You have a choice of 10 different sounds in the app from things like Warm Static, which is exactly what it sounds like, to Swell, which is waves on a beach. Bose started off with a wide library of sounds and had testers score them so it could boil down the selection. Since the most popular use for Bose’s Sleepbuds is to mask the noise of a snoring partner, most of the sounds are designed to match that frequency of sound and distract your brain just enough that the snoring doesn’t bother you anymore.

For me, it worked well to drown out general background noise and also to distract from tinnitus, but you can still hear what’s going on around you. For example, the distant sounds of traffic and construction were drowned out for me, but I could hear my partner talking to me.

You can select the volume level that works for you and the time you want the sound to play for, from half an hour up to all night long. I’ve always liked the sound of rain, so I picked Shower. I found that the sound was soothing and it helped me relax, but the first night I tried them I ended up removing them before falling asleep because it felt a little uncomfortable when I turned over to sleep on my side.

The feeling of having something in your ears is going to be enough to put some people off. I persisted and found that I got more used to it, but I probably wouldn’t choose to use the Sleepbuds unless there was a specific sound disturbance or my tinnitus was particularly bad. In those cases, the Sleepbuds are way better than traditional ear plugs. The fact that it plays a soothing sound, rather than just muffle or block noises, makes all the difference. But if you don’t share a bed, you could play a sound like that on your phone and skip the discomfort of wearing something all night.

Coping with a snoring partner is the main reason people will buy the Bose Sleepbuds and, provided you don’t find them too uncomfortable to wear, I think it will offer some sweet relief in that department. I can also see them being invaluable for frequent travelers who need to get forty winks without being disturbed by unfamiliar sounds.

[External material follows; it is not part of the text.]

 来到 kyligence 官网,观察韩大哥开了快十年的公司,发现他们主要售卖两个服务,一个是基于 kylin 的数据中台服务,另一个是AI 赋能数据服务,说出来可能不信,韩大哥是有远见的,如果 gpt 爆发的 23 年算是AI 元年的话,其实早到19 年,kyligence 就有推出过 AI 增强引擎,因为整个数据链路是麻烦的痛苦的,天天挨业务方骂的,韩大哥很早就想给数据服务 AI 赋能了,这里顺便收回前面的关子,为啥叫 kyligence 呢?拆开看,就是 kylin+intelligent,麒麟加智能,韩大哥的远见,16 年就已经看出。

The app also allows you to set an alarm that only you will hear, which could prove handy for people who need to get up before their partners and don’t want to wake them.

The only issue I encountered with the app was a repeated failure to update the software. It would connect to the Sleepbuds, tell me I needed to update, I’d tap to start updating and then it would fail without any obvious reason.

Limitations and future improvements

Bose Sleepbuds
Simon Hill/Digital Trends

You may be wondering why the Bose Sleepbuds don’t do more, but there is a good reason it focuses purely on sleep and offers a limited selection of soothing sounds. It’s mainly to do with the small size and the trade-off in battery life. Because the Sleepbuds are so small, it can only hold 10 or 12 sounds at once. Noise cancellation would require more power and microphones, which would have made the Sleepbuds bigger and less comfortable. Music streaming would also be a bigger drain on power and most music isn’t really effective at masking sounds anyway.

While there are solid reasons for the limitations, you may still feel that the Bose Sleepbuds are a bit overpriced at $250.

I’m pleased to report that Bose is committed to improving the Sleepbuds through software updates and it has been listening to feedback. Since release, Bose has rolled out another 10 sounds for people to choose from, it has added a phone-free mode to allow you to use the Sleepbuds without having to access the app, and it has added a dark mode for the app replacing the white backgrounds with black.

Sleep deprivation is incredibly bad for your general well being and a recent Philips study found that 80 percent of people want to improve the quality of their sleep, so there’s definitely a place for a product like this. For some people, the Bose Sleepbuds are going to be a life-changing revelation, but it won’t work for everyone.